**Entries supplied:**
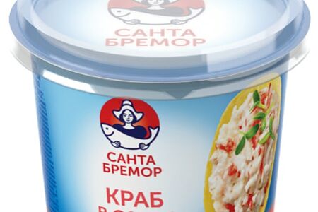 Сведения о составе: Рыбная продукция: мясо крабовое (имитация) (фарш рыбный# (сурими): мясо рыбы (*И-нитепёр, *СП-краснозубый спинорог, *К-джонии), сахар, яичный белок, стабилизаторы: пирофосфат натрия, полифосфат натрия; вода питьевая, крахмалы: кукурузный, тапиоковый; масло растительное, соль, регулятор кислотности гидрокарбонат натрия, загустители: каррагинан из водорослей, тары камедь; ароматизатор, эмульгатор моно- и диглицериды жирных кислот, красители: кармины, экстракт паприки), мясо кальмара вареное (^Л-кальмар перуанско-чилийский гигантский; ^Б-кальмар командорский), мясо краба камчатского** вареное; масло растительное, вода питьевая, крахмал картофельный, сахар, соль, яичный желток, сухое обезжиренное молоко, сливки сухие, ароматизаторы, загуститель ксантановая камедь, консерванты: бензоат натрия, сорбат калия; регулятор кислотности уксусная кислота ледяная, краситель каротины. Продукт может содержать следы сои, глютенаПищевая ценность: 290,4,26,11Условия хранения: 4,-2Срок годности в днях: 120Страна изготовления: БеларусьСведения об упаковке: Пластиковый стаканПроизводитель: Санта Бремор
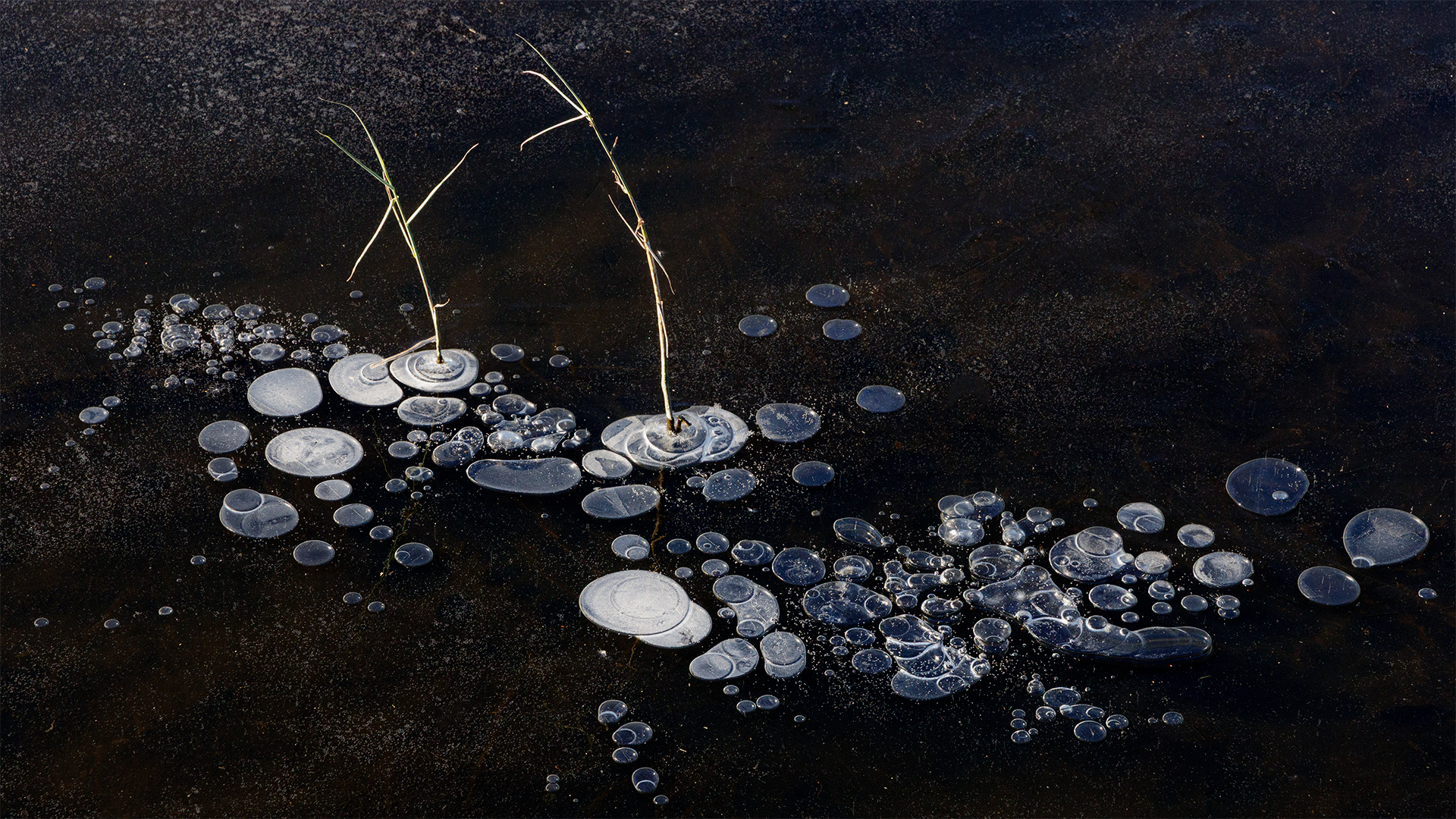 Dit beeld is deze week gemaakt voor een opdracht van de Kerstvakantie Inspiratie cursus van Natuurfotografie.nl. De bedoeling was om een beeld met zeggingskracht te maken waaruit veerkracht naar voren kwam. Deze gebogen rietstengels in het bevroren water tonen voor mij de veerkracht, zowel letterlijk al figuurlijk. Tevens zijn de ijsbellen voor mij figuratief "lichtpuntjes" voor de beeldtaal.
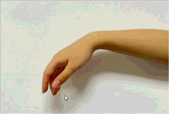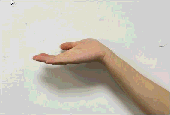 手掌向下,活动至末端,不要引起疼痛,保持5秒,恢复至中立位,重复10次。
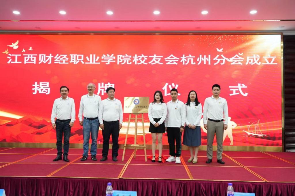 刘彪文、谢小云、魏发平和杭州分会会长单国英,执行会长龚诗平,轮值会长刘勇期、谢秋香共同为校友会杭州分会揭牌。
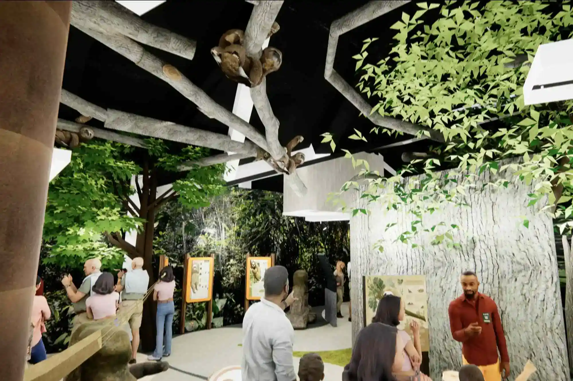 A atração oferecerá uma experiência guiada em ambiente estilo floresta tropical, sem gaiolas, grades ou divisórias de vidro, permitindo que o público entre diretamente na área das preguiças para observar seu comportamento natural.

**Task instructions:** From the line that contains "Dit beeld is" through the last line of the entries, transcribe every line exactly, leaving out the pictures.

**Completed task:**
 Dit beeld is deze week gemaakt voor een opdracht van de Kerstvakantie Inspiratie cursus van Natuurfotografie.nl. De bedoeling was om een beeld met zeggingskracht te maken waaruit veerkracht naar voren kwam. Deze gebogen rietstengels in het bevroren water tonen voor mij de veerkracht, zowel letterlijk al figuurlijk. Tevens zijn de ijsbellen voor mij figuratief "lichtpuntjes" voor de beeldtaal.
 手掌向下,活动至末端,不要引起疼痛,保持5秒,恢复至中立位,重复10次。
 刘彪文、谢小云、魏发平和杭州分会会长单国英,执行会长龚诗平,轮值会长刘勇期、谢秋香共同为校友会杭州分会揭牌。
 A atração oferecerá uma experiência guiada em ambiente estilo floresta tropical, sem gaiolas, grades ou divisórias de vidro, permitindo que o público entre diretamente na área das preguiças para observar seu comportamento natural.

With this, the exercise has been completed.